Two new modifications of the virus WannaCry appeared over the weekend, and, presumably, have created them not the authors of the original virus-the extortioner. This was announced on Monday, may 15, in a press-service IT company “Kaspersky Lab”.
“The total number of variations of malware circulating on the Internet on Monday, may 15, is still unknown. However, in the 13 and 14 may there were two significant modifications”, – said the employee of the press service of the company.
“Kaspersky lab” believes that none of these options were created by the authors of the original extortionist – most likely, they have other players cybercriminal world who have decided to use the situation to their advantage,” added the company.
A company representative reported that the first of the two modifications of the virus WannaCry began to spread on Sunday, around 4:00 in Kiev.
“He was connected to another domain. At the moment, “Kaspersky Lab” has detected three victims of this variant of extortion in Russia and Brazil” – said the press officer.

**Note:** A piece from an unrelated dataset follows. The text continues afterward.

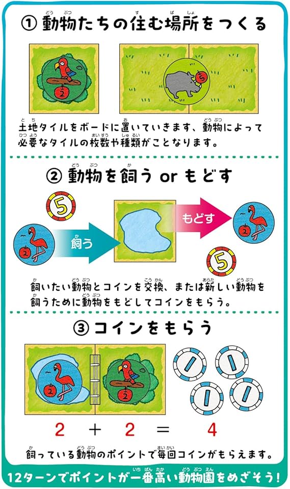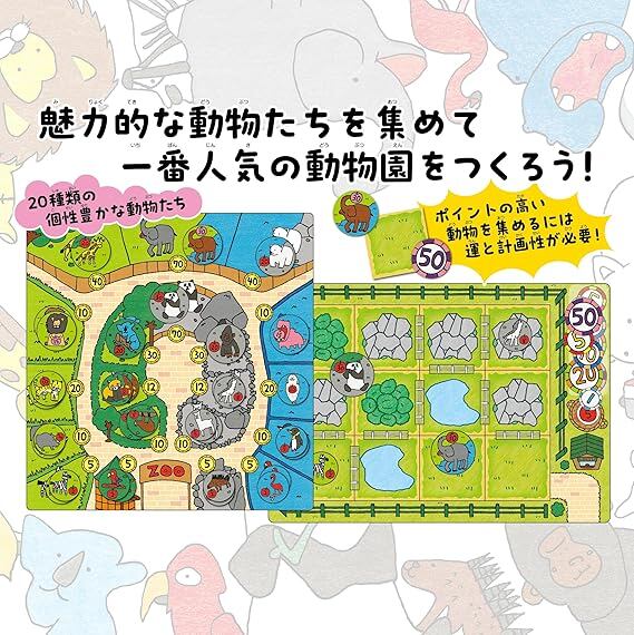 誰よりも魅力的な動物園を作る"拡大再生産型"ボードゲーム。土地パネルでボードを開拓し、地形に合わせて飼う動物を選んで、一番ポイントの高い動物園を作りあげましょう。いかに人気の動物を集めて動物園の魅力を高めるかがポイントです。大人も子供も一緒に、じっくり楽しめる本格ボードゲームです。

“The second option that appeared the other day, apparently able to circumvent the so-called Killswitch (killswitch) – that feature in the program code, which helped to stop the first wave of attacks. However, that’s not the variant became widespread, possibly due to error in code”, – he said.
We will remind, on Friday, may 12 it became known about the large-scale cyber attack. Hospitals and telecommunication companies worldwide have become victims of hacker-extortionists.
It was reported that institutions only have three days to send the payment to the hackers. After that the computers “will put the meter on”: the price for the return of the files will double. But if the victim of a hacker attack do not pay within seven days, you will lose your files forever.
In this case withthe builders of the virus-the extortioner WannaCry bypassed its stop limit. Informed by one of the users managed to stop the spread of the virus. He registered a domain name iuqerfsodp9ifjaposdfjhgosurijfaewrwergwea.com the name of which was contained in the code of the virus.